Впервые, говоря с Мыколой о его будущем, ему смотрели прямо в глаза, а не косились на его костыли.
Они даже как будто не интересовали Ивана Сергеевича. Он продолжал спокойно всматриваться в мальчика на костылях, что-то обдумывая и взвешивая про себя.
Мыколе представилось, что это какой-то странный молчаливый экзамен.
Сдаст ли он его?
Он услышал тот же задумчивый, неторопливый голос:
— Ты знаешь, Надюша, дело, по-моему, не так уж плохо. Характер у твоего приятеля есть.
Только всего и сказано было Иваном Сергеевичем. Улыбнувшись детям, он зашагал дальше по коридору. Но размышлений и волнений по поводу его слов хватило Мыколе на много дней.
Он придумал тренироваться — втайне от всех. Готовил Наде сюрприз. Забирался в глубь сада, чтобы его никто не видел, и хотя бы несколько метров пытался пройти без костылей. Делал шажок, подавлял стон, хватался за дерево, опять делал шажок.
Земля под ним качалась, как палуба в шторм. Пот катился градом. Колени тряслись.
Но рот его был сжат. Мыкола заставлял себя думать только об одном: то-то удивится Надя, когда увидит его без костылей! Или еще лучше: он притопает к ней на костылях, а потом отбросит их — ага? И лихо выбьет чечетку!
Увы, как ни старался, дело не шло. Правильнее сказать: ноги не шли. Руки-то были сильные, на перекладине мог подтянуться десять раз. А ноги не слушались. Как будто вся сила из них перешла в руки.
А Надя, не зная о тренировках, по-прежнему придиралась к нему: почему он вялый, почему невеселый?
— Очень жалеешь себя, вот что я тебе скажу!

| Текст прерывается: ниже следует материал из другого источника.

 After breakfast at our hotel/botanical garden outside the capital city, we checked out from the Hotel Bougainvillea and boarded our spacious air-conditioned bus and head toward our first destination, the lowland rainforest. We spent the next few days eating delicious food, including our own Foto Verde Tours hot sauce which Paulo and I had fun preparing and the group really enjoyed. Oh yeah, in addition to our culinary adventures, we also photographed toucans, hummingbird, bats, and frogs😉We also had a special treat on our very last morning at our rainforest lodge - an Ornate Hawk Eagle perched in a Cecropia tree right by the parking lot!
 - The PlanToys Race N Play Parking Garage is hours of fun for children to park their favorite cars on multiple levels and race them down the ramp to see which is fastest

Это пусть нас другие жалеют. А ты себя не жалей. Ты же сильный, широкоплечий. Вот как хорошо дышишь! Я бы, кажется, полетела, если бы могла так дышать.
Да, почти до самого конца она была суровая, требовательная и неласковая.

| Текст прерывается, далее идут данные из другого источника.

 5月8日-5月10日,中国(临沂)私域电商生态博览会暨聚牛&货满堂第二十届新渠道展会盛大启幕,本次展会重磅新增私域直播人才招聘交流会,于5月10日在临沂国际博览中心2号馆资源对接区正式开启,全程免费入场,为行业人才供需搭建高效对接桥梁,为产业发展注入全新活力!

В тот день они, как всегда, сидели на подоконнике и разговаривали — кажется, о кругосветных путешествиях.
Окно было раскрыто настежь. Внизу по-весеннему клубился-пенился сад. Не хотелось оборачиваться — там, за спиной, вяло шаркали туфлями «ходячие» больные. Коридор был узкий, заставленный шкафами, и очень душный — каждую половицу в нем пропитал опостылевший больничный запах.
И вдруг пахнуло прохладой из сада.
От неожиданности Мыкола откинул голову. Между ним и Надей просунулась ветка миндаля. Это ветер подул с моря и качнул ее, стряхивая лепестки и капли — только что быстрый дождь прошел.
Надя порывисто притянула к себе ветку.
— Какая же ты красавица! — шепнула она, прижимаясь к ней щекой. — Как ты хорошо пахнешь!.. Я бы хотела быть похожей на тебя!..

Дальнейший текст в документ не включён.